哭过的脑袋发木、发懵,还透着一股诡异的清凉,许是眼泪蒸发带走了什幺热量。纪守和再次躺回她的床,身影和几个小时前自慰的她重叠。她的手抓来白柊的衬衫,它带着自己眼泪的潮意,味道还是淡淡的花香。

纪守和承认自己是傻逼了,因为在头痛到不知道该闭上眼睛还是睁开的时候,她将那件衣服一点点拉进被里,塞进自己的怀中。

纪守和太孤单了,孤单到需要靠幻想与一个只有一面之缘的人产生羁绊才能喘息。她对白柊当然算不上爱,她不了解白柊,甚至不记得她的脸长什幺样子,但这不妨碍她继续抱着那件松垮的衬衫,不妨碍她的感情在想象里发酵。

在我抓着她时她没有踢开我,在我靠着她时她没有推开我,她见过我的裸体,她留下了联系方式,只凭着这几点,纪守和就可以安心幻想,甚至为了满足自己的幻想而说服自己——白柊没有厌弃她,而她,是爱着白柊的,一见钟情。

如果不这幺想的话,她该如何面对自己呢?

只是想想而已,谁都不知道,谁都不影响,至少纪守和认为她不需要为自己的性幻想承担什幺责任,于是原本为了蔽体的衬衫成了她套在睡衣外的暧昧。

纪守和穿着白柊的衬衫沉溺,一次又一次,衬衫上熟悉的味道早已消散,高潮时带来的空白变得短暂。

幻想与现实产生了巨大的落差,她不知道这算不算透支,前一阵子有多放纵,现在情绪的反扑就有多强烈,尤其是她知道的唯一的办法也不好用了后,纪守和有些不知所措了。

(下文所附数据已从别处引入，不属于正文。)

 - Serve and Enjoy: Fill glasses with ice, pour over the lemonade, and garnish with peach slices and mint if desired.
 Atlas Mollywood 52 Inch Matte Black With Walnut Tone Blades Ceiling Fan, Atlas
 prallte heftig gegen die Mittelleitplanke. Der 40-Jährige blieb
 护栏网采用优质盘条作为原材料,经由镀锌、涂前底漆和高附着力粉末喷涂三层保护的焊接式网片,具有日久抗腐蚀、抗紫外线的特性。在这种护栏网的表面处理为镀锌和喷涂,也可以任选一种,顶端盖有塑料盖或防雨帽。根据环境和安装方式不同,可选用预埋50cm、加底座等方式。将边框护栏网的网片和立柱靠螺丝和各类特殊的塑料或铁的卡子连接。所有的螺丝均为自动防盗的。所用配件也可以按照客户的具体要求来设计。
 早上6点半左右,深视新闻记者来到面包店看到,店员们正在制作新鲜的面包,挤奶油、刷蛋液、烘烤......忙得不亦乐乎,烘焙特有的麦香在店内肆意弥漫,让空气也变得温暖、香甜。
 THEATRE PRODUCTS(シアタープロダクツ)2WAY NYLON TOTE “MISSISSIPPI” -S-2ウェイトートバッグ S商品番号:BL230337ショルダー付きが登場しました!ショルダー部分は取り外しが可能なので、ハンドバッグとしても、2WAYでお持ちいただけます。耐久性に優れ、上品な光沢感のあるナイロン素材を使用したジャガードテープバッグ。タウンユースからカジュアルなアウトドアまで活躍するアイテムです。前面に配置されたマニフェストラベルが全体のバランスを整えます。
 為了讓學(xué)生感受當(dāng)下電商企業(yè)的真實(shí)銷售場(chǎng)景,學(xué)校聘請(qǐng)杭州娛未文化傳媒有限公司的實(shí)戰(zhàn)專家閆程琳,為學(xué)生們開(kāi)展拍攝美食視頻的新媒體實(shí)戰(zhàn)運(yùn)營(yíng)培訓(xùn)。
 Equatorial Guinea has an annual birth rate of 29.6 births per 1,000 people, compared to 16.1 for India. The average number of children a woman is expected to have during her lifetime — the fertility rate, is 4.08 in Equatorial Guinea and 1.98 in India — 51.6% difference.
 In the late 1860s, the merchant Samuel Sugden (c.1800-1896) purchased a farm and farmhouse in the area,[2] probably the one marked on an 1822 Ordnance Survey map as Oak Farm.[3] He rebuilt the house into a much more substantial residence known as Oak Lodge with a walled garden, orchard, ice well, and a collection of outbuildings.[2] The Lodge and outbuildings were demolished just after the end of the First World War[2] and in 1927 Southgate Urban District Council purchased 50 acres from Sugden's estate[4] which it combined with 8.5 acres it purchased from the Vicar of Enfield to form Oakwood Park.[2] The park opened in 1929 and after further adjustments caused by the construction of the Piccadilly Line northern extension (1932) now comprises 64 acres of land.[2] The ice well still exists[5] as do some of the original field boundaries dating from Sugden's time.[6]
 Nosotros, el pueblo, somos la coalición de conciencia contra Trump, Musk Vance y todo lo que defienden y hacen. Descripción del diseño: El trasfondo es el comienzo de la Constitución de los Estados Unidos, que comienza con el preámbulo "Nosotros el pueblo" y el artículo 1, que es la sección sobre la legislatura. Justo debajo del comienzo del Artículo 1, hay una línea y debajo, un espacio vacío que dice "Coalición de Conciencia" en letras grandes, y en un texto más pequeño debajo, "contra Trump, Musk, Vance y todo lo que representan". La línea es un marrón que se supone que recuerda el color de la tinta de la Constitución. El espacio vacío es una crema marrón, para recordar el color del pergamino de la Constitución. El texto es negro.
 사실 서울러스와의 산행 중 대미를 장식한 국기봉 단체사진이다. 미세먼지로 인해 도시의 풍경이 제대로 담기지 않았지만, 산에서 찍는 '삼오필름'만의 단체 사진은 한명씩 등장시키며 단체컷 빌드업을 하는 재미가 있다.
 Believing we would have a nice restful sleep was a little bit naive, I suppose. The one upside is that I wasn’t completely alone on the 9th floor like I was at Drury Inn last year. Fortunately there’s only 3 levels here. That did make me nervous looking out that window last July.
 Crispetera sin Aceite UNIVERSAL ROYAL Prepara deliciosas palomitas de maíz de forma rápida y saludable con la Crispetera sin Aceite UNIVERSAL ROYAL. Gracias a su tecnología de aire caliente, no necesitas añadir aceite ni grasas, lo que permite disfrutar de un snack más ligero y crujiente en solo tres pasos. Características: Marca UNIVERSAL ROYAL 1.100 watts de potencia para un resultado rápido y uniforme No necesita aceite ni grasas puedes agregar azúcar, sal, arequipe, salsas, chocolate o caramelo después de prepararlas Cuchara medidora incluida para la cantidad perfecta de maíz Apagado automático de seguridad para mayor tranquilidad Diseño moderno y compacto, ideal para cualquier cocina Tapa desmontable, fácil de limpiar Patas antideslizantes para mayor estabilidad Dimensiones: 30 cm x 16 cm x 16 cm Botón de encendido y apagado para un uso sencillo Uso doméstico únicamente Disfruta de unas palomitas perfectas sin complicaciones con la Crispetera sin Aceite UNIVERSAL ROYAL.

想要高潮,她大可以用自己的手达到目的,尽管艰难。可想要触碰呢?想要被触碰呢?她开始频繁地举起自己的手,看着自己的虎口,想象其中掐着的是冬冬有些硬的踝骨。

睡不着,作为一个好了伤疤忘了疼的人,纪守和又开始喝酒。她讨厌酒精,不止憎恶它的味道,更恨它的存在,恨父亲嘴里那股臭气和落在身上的实在的恐惧。但她爱空腹喝酒这个事本身,众所周知的,空腹喝酒对身体不好,只这一点就足够说服她沉醉。

她实在是喜爱醉鬼的身份,如烂泥一般的,非人的身份。她同样爱喝酒后的呕吐,爱胃的绞痛,稳定而单一,无需恐惧而使人安心的疼痛让她沉迷——如果能因此靠近死亡就更好了。

上次出去喝酒是一个月前的事情吧,纪守和有些含糊地想。她坐在地上,身上披着白柊的衬衫。她不知道是酒精让一切模糊、迷离,还是自己刻意眯着的眼睛造成了视线上的狭窄,但她觉得满足,因为她又有处可去了。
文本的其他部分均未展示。